Global Business Cycle Indicators
|Benchmark Revisions - July 2007|
Press Release Archive
Released: Tuesday, April 15, 2003
The Conference Board announced today that the leading index for the U.K. decreased 0.6 percent, and the coincident index increased 0.1 percent in February.
- While the leading index has declined in the last five months, the cumulative decline is still relatively shallow compared to declines in previous recessions. This month’s decline in the leading index is primarily due to weaker stock prices and consumer confidence.
- The six-month diffusion index (a measure of the proportion of components that are increasing) has been steadily decreasing in the last six months.
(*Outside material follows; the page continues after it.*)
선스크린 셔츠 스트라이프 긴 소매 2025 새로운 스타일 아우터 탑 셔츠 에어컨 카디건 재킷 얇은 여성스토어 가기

This, coupled with the weakness in the leading index is an indication that growth in economic activity will continue to slow.
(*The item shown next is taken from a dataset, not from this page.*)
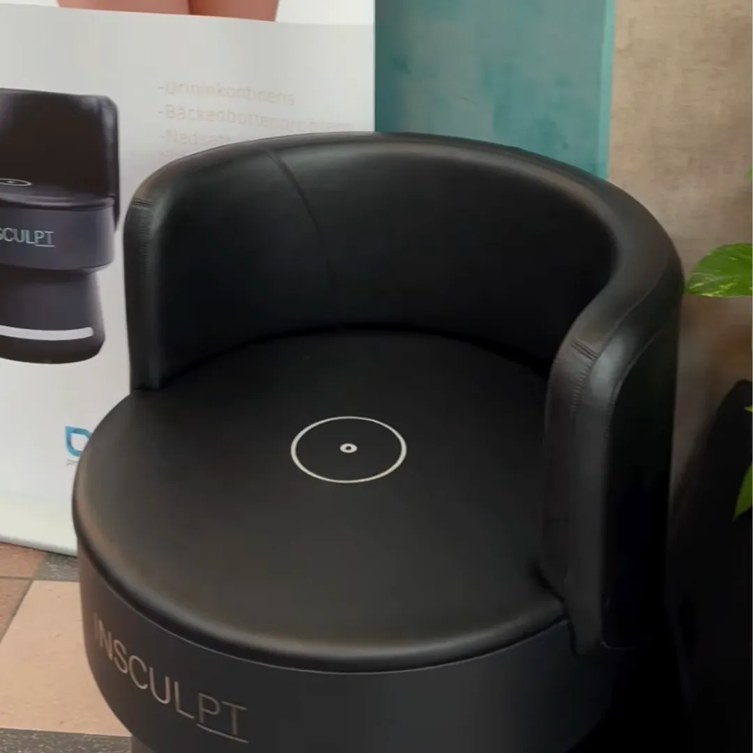 Inte alls. Du sitter bekvämt i stolen, fullt påklädd, och behandlingen känns som mjuka, rytmiska sammandragningar i bäckenbotten. Många beskriver det som märkligt i början – men absolut inte smärtsamt.

- The coincident index, a measure of current economic conditions, continued to increase modestly. Retail sales have been weak but growth in employment and household disposable income have continued to boost the coincident index.
LEADING INDICATORS. Five of the nine components that make up the leading index decreased in February. The negative contributors – from the largest negative contributor to the smallest – are consumer confidence, order book volume, stock prices, the volume of expected output, and new orders for engineering industries*. The three positive contributors to the index – beginning with the largest positive contributor - are housing starts*, productivity for the whole economy*, and the fixed interest price index. Operating surplus of corporations* was unchanged in February.
With the 0.6 percent decrease in February, the leading index now stands at 123.7 (1990=100). Based on revised data, this index decreased 0.2 percent in January and decreased 0.4 percent in December. During the six-month span through February, the leading index decreased 1.4 percent with three of the nine components advancing (diffusion index, six-month span equals 33.3 percent).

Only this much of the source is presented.